BRIEF: Write out the data again exactly, skipping every picture.

GIVEN INFORMATION:
* * * *

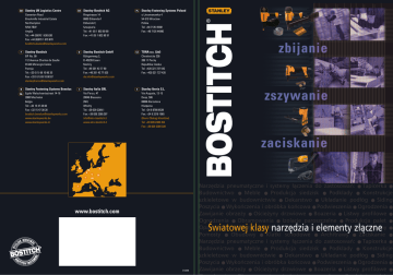 Stanley UK Logistics Centre Stanley-Bostitch AG Stanley Fastening Systems Poland Gowerton Road Brackmills Industrial Estate Northampton NN4 7BW Anglia Tel: +44 (0)870 1 630 630 Fax: +44 (0)870 1 670 670 [email protected] Ringstrasse 14 8600 Dübendorf Dübendorf, Szwajcaria Tel: +41 (0) 1 802 80 90 Fax: +41 (0) 1 802 80 91 ul Jerzmanowka 4 54-519 Wroclaw Polska Tel: +48 7135 45501 Fax: +48 7135 44990 Stanley-Bostitch Stanley Bostitch GmbH TONA a.s. (Ltd) BP No. 90 112 Avenue Charles de Gaulle 91423 Morangis Cedex Francja Tel: +33 0 (1) 69 10 80 20 Fax: +33 0 (1) 69 10 80 67 [email protected] Bützgenweg 2, D-45239 Essen Niemcy Tel: +49 201 43 77 90 Fax: +49 201 43 77 925 [email protected] Chvalovicka 326 289 11 Pecky Republika Czeska Tel: +420 321 737 542 Fax: +420 321 737 435 Stanley Fastening Systems Benelux Stanley Italia SRL Stanley Iberia S.L. Egide Walschaertsstraat 14-16 2800 Mechelen Belgia Tel: +32 15 47 38 00 Fax: +32 15 47 38 20 [email protected] www.stanleyworks.be www.stanleyworks.nl Via Parco, 47 20046 Biassono (MI) Włochy Tel: +39 039 2389.1 Fax: +39 039 2389.297 [email protected] www.atro-bostitch.it Via Augusta, 13-15 Desp. 506 08006 Barcelona Hiszpania Tel: +34 6 0788 6539 Fax: +34 9 3218 1065 (Biuro Obsługi klientów) Tel: +39 039 2389 454 Fax: +39 039 2389 320 www.bostitch.com Narzędzia pneumatyczne i systemy łączenia do zastosowań: ● Tapicerka ● Budownictwo ● Meble ● Produkcja siedzisk ● Podkłady ● Konstrukcje szkieletowe w budownictwie ● Dekarstwo ● Układanie podłóg ● Siding Poszycia ● Wykończenia i obróbka końcowa ● Podwieszenia ● Ogrodzenia ● Zawijanie obrzeży ● Ościeżyny drzwiowe ● Boazeria ● Listwy profilowe ● Ogrodzenia ● Obramowania ● Izolacje paroszczelne ● Produkcja palet ● Opakowania ● Skrzynie ● Produkcja materacy ● Przemysł motoryzacyjny ● Pomosty ● Obudowy ● Klatki schodowe ● Architrawy ● Zaciskanie ● Narzędzia pneumatyczne i systemy łączenia do zastosowań: ● Tapicerka ● Budownictwo ● Meble ● Produkcja siedzisk ● Podkłady ● Konstrukcje szkieletowe w budownictwie ● Dekarstwo ● Układanie podłóg ● Siding Poszycia ● Wykończenia i obróbka końcowa ● Podwieszenia ● Ogrodzenia ● Zawijanie obrzeży ● Ościeżyny drzwiowe ● Boazeria ● Listwy profilowe ● Światowej klasy narzędzia i elementy złączne C12358 Systemy mocujące dla rynku światowego Narzędzia Stanley’a Bostitchanajwyższa klasa jakości, wytrzymałości i niezawodności. Ponad 100 lat doświadczenia ● Firma założona w roku 1896 przez Thomasa Briggsa ● Należy do Stanley Corporation od roku 1986 ● Jest zaliczana do grupy S&P 500 notowanej na giełdzie nowojorskiej Ekstremalne badania klimatyczneSymulacja niskich / wysokich temperatur i warunków wilgotnościowych Badania wytrzymałościowe elementów złącznychIntegralność materiału i parametry obciążeniowe Innowacje Symulacja warunków atmosferycznychTest huraganowy dla paneli dachowych mocowanych gwoździami RH produkcji Stanley Bostitch ● Pierwszy producent zszywek w pakietach, rok 1924 ● Pierwsza gwoździarka na gwoździe w taśmach, wprowadzona na rynek w 1965 roku ● Pierwsza gwoździarka z magazynkiem szynowym wprowadzona w 1970 roku ● Gwoździarka dwu-funkcyjna: do przybijania metalowych łączników gwoździami ciesielskimi oraz do gwoździ standardowych, wprowadzona do sprzedaży w roku 2004 ● Pionierskie zastosowanie w narzędziach obudów ze stopu magnezu dla zmniejszenia ciężaru ● Światowy lider w zakresie metod badania trwałości i parametrów działania Jakość i niezawodność ● Produkty podlegają ciągłym badaniom, by była pewność, że odpowiadają klasie światowej ● Jakość narzędzi przemysłowych sprawdza się w testach obejmujących 3,000,000 cykli ● Konstrukcję każdego narzędzia testuje się wykonując próby zrzucania i wleczenia, symulujące rzeczywiste użytkowanie ● Kompleksowe badania na głośność i wibracje ● Kombinowane badania na działanie wilgoci i ognia, dla wszystkich narzędzi i elementów złącznych Serwis ● We wszystkich regionach są przedstawiciele prowadzący Obsługę Klientów ● Terenowi Technicy Serwisowi / wyspecjalizowane Centra Naprawcze serwisujące tysiące narzędzi rocznie ● Rozległa sieć autoryzowanych niezależnych regionalnych agentów wykonujących naprawy ● Centralne Europejskie Centrum Dystrybucyjne zajmujące powierzchnię 15,000m2 i dysponujące ponad 4000 wyrobów gotowych i 25,000 części zapasowych ● Na składzie konsekwentnie utrzymuje się stan dostępności powyżej 93% Wsparcie techniczne ● Ponad 70 kompetentnych i dobrze wyszkolonych przedstawicieli handlowych na terytorium całej Europy ● Programy szkoleń z zakresu BHP ● Programy szkoleń w zakresie produktów dla dystrybutorów i współpracujących detalistówcych ● Wsparcie marketingowe dla współpracujących dystrybutorów i detalistów ● Dane techniczne i o częściach zapasowych dostępne przez całą dobę i cały tydzień pod adresem @ www.bostitch.com ● 9 Centów Obsługi Klientów na terytorium całej Europy Doskonała jakość produkcji narzędzi i elementów złącznych ● 7 zakładów produkcyjnych na całym świecie – w tym 2 w Europie ● Największy światowy producent gwoździ – ponad 150 milionów szt. dziennie ● Największy światowy producent zszywek, ponad 500 milionów szt. dziennie ● Zespół ponad 100 wysoko wyszkolonych i doświadczonych konstruktorów i techników terenowych ● Każdego roku zużywa się ponad 100,000 ton stalitali ● W każdym tygodniu wytwarza się 20,000 narzędzi ● Każde narzędzie przed wysyłką jest testowane Przemysł wybiera markę S t a n l e y B o s t i t c h Certyfikaty Uznane w skali międzynarodowej elementy złączne Kontrola jakościOgólnoświatowa produkcja i ekspedycja
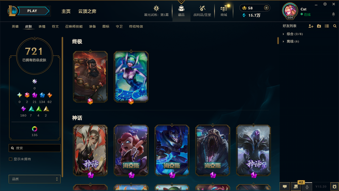 皮肤740+ 龙虾 周年限定 满英雄,掉分无所谓,排位随便打
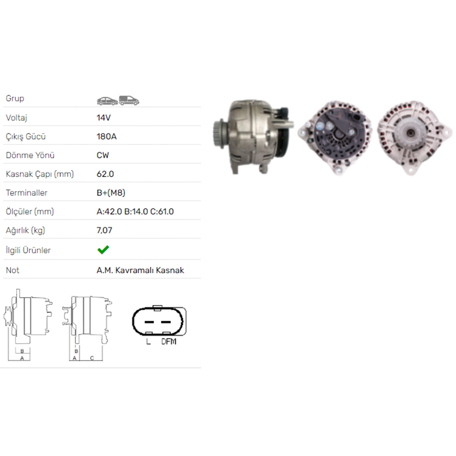 ALT DINAMO 12V 180A VW MULTIVAN 2.0 TDI
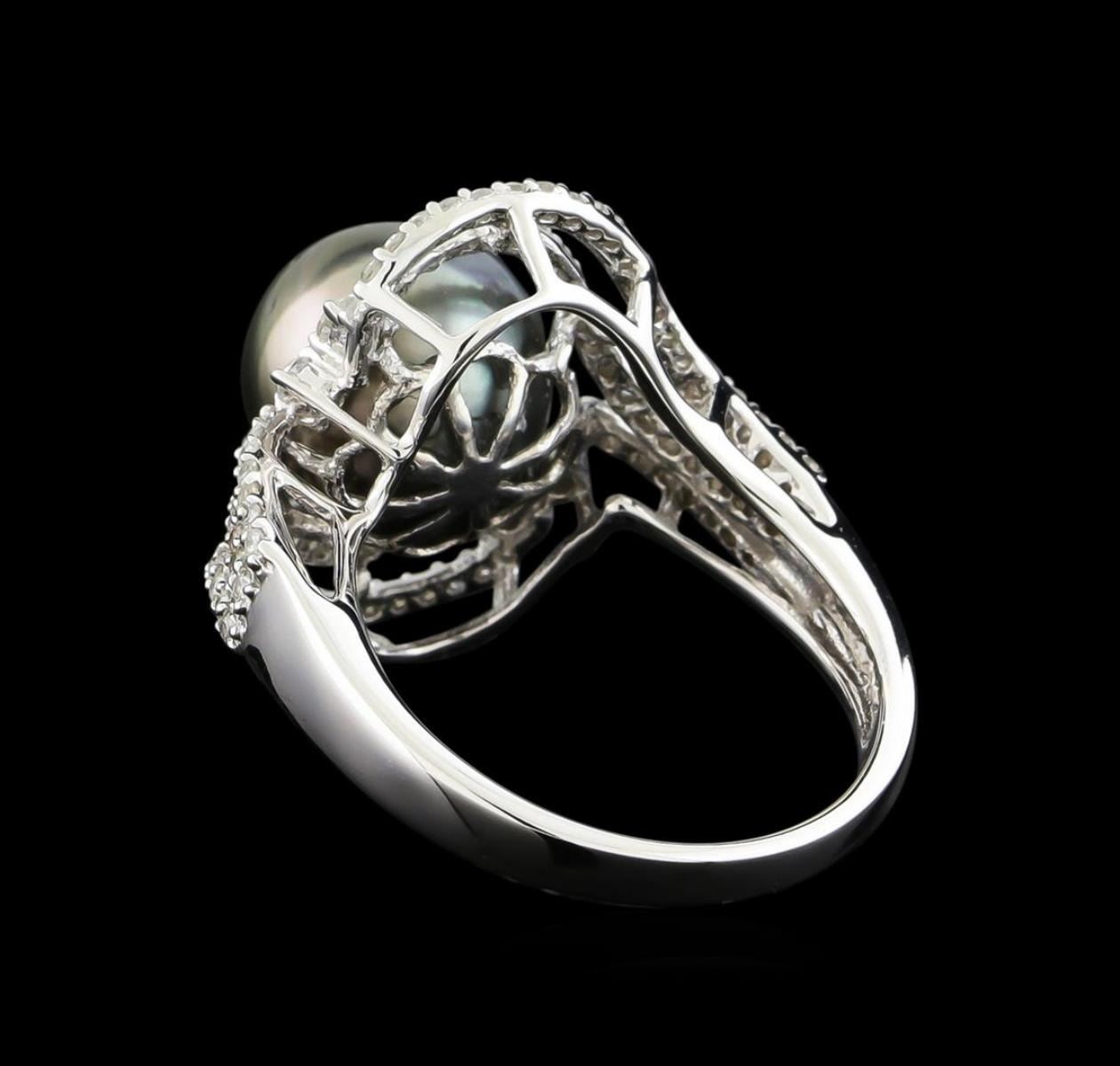 One electronically tested 14KT white gold ladies combination cast & assembled pearl and diamond ring with a split shank with a bright polish finish. Identified with markings of "14K". Condition is new. Containing: Ninety-Six prong set round brilliant cut diamonds, measuring 1.50 - 1.00 x 0.75mm (depth est.) approximate total weight of 96 Stones = 0.50 ct. Clarity: I-1 to I-2. Color: I - J, Cut is Good. One Tahitian pearl, 10.2mm in size to 10.2mm in size. The pearl is black in color with a good luster, round, moderately blemished Colored gemstones are presumed to have been subjected to commonly used enhancement processes. All diamonds and colored gemstones are graded in the mounting, unless otherwise stated. Total Weight of Diamonds 0.50 ct. Total Weight of Ring 5.50 grams. GGL Appraised.

* * * *

RESPONSE TO THIS TASK:
 Stanley UK Logistics Centre Stanley-Bostitch AG Stanley Fastening Systems Poland Gowerton Road Brackmills Industrial Estate Northampton NN4 7BW Anglia Tel: +44 (0)870 1 630 630 Fax: +44 (0)870 1 670 670 [email protected] Ringstrasse 14 8600 Dübendorf Dübendorf, Szwajcaria Tel: +41 (0) 1 802 80 90 Fax: +41 (0) 1 802 80 91 ul Jerzmanowka 4 54-519 Wroclaw Polska Tel: +48 7135 45501 Fax: +48 7135 44990 Stanley-Bostitch Stanley Bostitch GmbH TONA a.s. (Ltd) BP No. 90 112 Avenue Charles de Gaulle 91423 Morangis Cedex Francja Tel: +33 0 (1) 69 10 80 20 Fax: +33 0 (1) 69 10 80 67 [email protected] Bützgenweg 2, D-45239 Essen Niemcy Tel: +49 201 43 77 90 Fax: +49 201 43 77 925 [email protected] Chvalovicka 326 289 11 Pecky Republika Czeska Tel: +420 321 737 542 Fax: +420 321 737 435 Stanley Fastening Systems Benelux Stanley Italia SRL Stanley Iberia S.L. Egide Walschaertsstraat 14-16 2800 Mechelen Belgia Tel: +32 15 47 38 00 Fax: +32 15 47 38 20 [email protected] www.stanleyworks.be www.stanleyworks.nl Via Parco, 47 20046 Biassono (MI) Włochy Tel: +39 039 2389.1 Fax: +39 039 2389.297 [email protected] www.atro-bostitch.it Via Augusta, 13-15 Desp. 506 08006 Barcelona Hiszpania Tel: +34 6 0788 6539 Fax: +34 9 3218 1065 (Biuro Obsługi klientów) Tel: +39 039 2389 454 Fax: +39 039 2389 320 www.bostitch.com Narzędzia pneumatyczne i systemy łączenia do zastosowań: ● Tapicerka ● Budownictwo ● Meble ● Produkcja siedzisk ● Podkłady ● Konstrukcje szkieletowe w budownictwie ● Dekarstwo ● Układanie podłóg ● Siding Poszycia ● Wykończenia i obróbka końcowa ● Podwieszenia ● Ogrodzenia ● Zawijanie obrzeży ● Ościeżyny drzwiowe ● Boazeria ● Listwy profilowe ● Ogrodzenia ● Obramowania ● Izolacje paroszczelne ● Produkcja palet ● Opakowania ● Skrzynie ● Produkcja materacy ● Przemysł motoryzacyjny ● Pomosty ● Obudowy ● Klatki schodowe ● Architrawy ● Zaciskanie ● Narzędzia pneumatyczne i systemy łączenia do zastosowań: ● Tapicerka ● Budownictwo ● Meble ● Produkcja siedzisk ● Podkłady ● Konstrukcje szkieletowe w budownictwie ● Dekarstwo ● Układanie podłóg ● Siding Poszycia ● Wykończenia i obróbka końcowa ● Podwieszenia ● Ogrodzenia ● Zawijanie obrzeży ● Ościeżyny drzwiowe ● Boazeria ● Listwy profilowe ● Światowej klasy narzędzia i elementy złączne C12358 Systemy mocujące dla rynku światowego Narzędzia Stanley’a Bostitchanajwyższa klasa jakości, wytrzymałości i niezawodności. Ponad 100 lat doświadczenia ● Firma założona w roku 1896 przez Thomasa Briggsa ● Należy do Stanley Corporation od roku 1986 ● Jest zaliczana do grupy S&P 500 notowanej na giełdzie nowojorskiej Ekstremalne badania klimatyczneSymulacja niskich / wysokich temperatur i warunków wilgotnościowych Badania wytrzymałościowe elementów złącznychIntegralność materiału i parametry obciążeniowe Innowacje Symulacja warunków atmosferycznychTest huraganowy dla paneli dachowych mocowanych gwoździami RH produkcji Stanley Bostitch ● Pierwszy producent zszywek w pakietach, rok 1924 ● Pierwsza gwoździarka na gwoździe w taśmach, wprowadzona na rynek w 1965 roku ● Pierwsza gwoździarka z magazynkiem szynowym wprowadzona w 1970 roku ● Gwoździarka dwu-funkcyjna: do przybijania metalowych łączników gwoździami ciesielskimi oraz do gwoździ standardowych, wprowadzona do sprzedaży w roku 2004 ● Pionierskie zastosowanie w narzędziach obudów ze stopu magnezu dla zmniejszenia ciężaru ● Światowy lider w zakresie metod badania trwałości i parametrów działania Jakość i niezawodność ● Produkty podlegają ciągłym badaniom, by była pewność, że odpowiadają klasie światowej ● Jakość narzędzi przemysłowych sprawdza się w testach obejmujących 3,000,000 cykli ● Konstrukcję każdego narzędzia testuje się wykonując próby zrzucania i wleczenia, symulujące rzeczywiste użytkowanie ● Kompleksowe badania na głośność i wibracje ● Kombinowane badania na działanie wilgoci i ognia, dla wszystkich narzędzi i elementów złącznych Serwis ● We wszystkich regionach są przedstawiciele prowadzący Obsługę Klientów ● Terenowi Technicy Serwisowi / wyspecjalizowane Centra Naprawcze serwisujące tysiące narzędzi rocznie ● Rozległa sieć autoryzowanych niezależnych regionalnych agentów wykonujących naprawy ● Centralne Europejskie Centrum Dystrybucyjne zajmujące powierzchnię 15,000m2 i dysponujące ponad 4000 wyrobów gotowych i 25,000 części zapasowych ● Na składzie konsekwentnie utrzymuje się stan dostępności powyżej 93% Wsparcie techniczne ● Ponad 70 kompetentnych i dobrze wyszkolonych przedstawicieli handlowych na terytorium całej Europy ● Programy szkoleń z zakresu BHP ● Programy szkoleń w zakresie produktów dla dystrybutorów i współpracujących detalistówcych ● Wsparcie marketingowe dla współpracujących dystrybutorów i detalistów ● Dane techniczne i o częściach zapasowych dostępne przez całą dobę i cały tydzień pod adresem @ www.bostitch.com ● 9 Centów Obsługi Klientów na terytorium całej Europy Doskonała jakość produkcji narzędzi i elementów złącznych ● 7 zakładów produkcyjnych na całym świecie – w tym 2 w Europie ● Największy światowy producent gwoździ – ponad 150 milionów szt. dziennie ● Największy światowy producent zszywek, ponad 500 milionów szt. dziennie ● Zespół ponad 100 wysoko wyszkolonych i doświadczonych konstruktorów i techników terenowych ● Każdego roku zużywa się ponad 100,000 ton stalitali ● W każdym tygodniu wytwarza się 20,000 narzędzi ● Każde narzędzie przed wysyłką jest testowane Przemysł wybiera markę S t a n l e y B o s t i t c h Certyfikaty Uznane w skali międzynarodowej elementy złączne Kontrola jakościOgólnoświatowa produkcja i ekspedycja
 皮肤740+ 龙虾 周年限定 满英雄,掉分无所谓,排位随便打
 ALT DINAMO 12V 180A VW MULTIVAN 2.0 TDI
 One electronically tested 14KT white gold ladies combination cast & assembled pearl and diamond ring with a split shank with a bright polish finish. Identified with markings of "14K". Condition is new. Containing: Ninety-Six prong set round brilliant cut diamonds, measuring 1.50 - 1.00 x 0.75mm (depth est.) approximate total weight of 96 Stones = 0.50 ct. Clarity: I-1 to I-2. Color: I - J, Cut is Good. One Tahitian pearl, 10.2mm in size to 10.2mm in size. The pearl is black in color with a good luster, round, moderately blemished Colored gemstones are presumed to have been subjected to commonly used enhancement processes. All diamonds and colored gemstones are graded in the mounting, unless otherwise stated. Total Weight of Diamonds 0.50 ct. Total Weight of Ring 5.50 grams. GGL Appraised.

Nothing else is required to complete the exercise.